Долг чести - Поселягин Владимир Геннадьевич. Страница 51
Вернулся и стал ожидать, продолжая изучать вещи Тимофея. Ничего нового нет, разве что фотографию семьи нашел. Похоже, свежая. На обороте этот год и написано: «Мама, папа, бабушка и я. Мне двенадцать лет». Значит, парнишке двенадцать неделю назад исполнилось. И теперь я знаю, как выглядят его родители. Отец такой основательный мужчина с сильным загаром и дубленой шеей. Тоже, похоже, не в помещении работает, а постоянно на улице. Мать – стройная, интеллигентного вида женщина, посмотрел и сразу понял – учительница. Ну и бабушка, седая женщина с добрыми глазами. С первого взгляда видно, что Тимофей в мать пошел, ее маленькая копия. Парнишка выглядел неплохо, светловолосый, зеленоглазый, слегка худощав. А так мальчишка как мальчишка, симпатичный на лицо. Фотография черно-белая, это так, а цвет волос и глаз я в отражении воды посмотрел, в речке.

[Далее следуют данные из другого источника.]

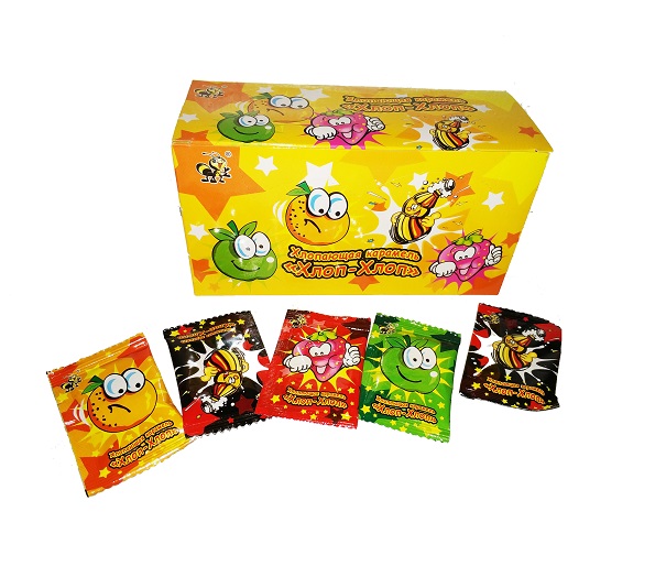 Хлопающая карамель Хлоп-Хлоп — изготавливается в Китае по нашему заказу. Технология использования проверена временем — только качественные ингредиенты и натуральные красители.

Разжег костер, своим топориком нарубил елового лапника, костер разошелся, и я стал кидать лапник, дым стал гуще, не черный, но издалека можно рассмотреть. Сам я помыл голову, корка на темечке смылась, кровь опять пошла. Смотав рулончиком полотенце, прижал к голове. Немного крови стекло на лицо, засохнув, так что, думаю, вид будет что нужно. Чтобы впечатлились.
Помощь как-то не спешила. Хорошо, лапника порядочно натаскал. Все же через два часа стало слышно гул авиационных движков, и, сделав круг над лагерем, на посадку пошел вертолет, свежий такой, на вид явно армейский «Ми-8». Вставать с бревна, а я сидел у костра, не стал, так что наблюдал с места, как двери открылись. Судя по стихающему гулу движков, вертолет улетать не спешил, их глушили.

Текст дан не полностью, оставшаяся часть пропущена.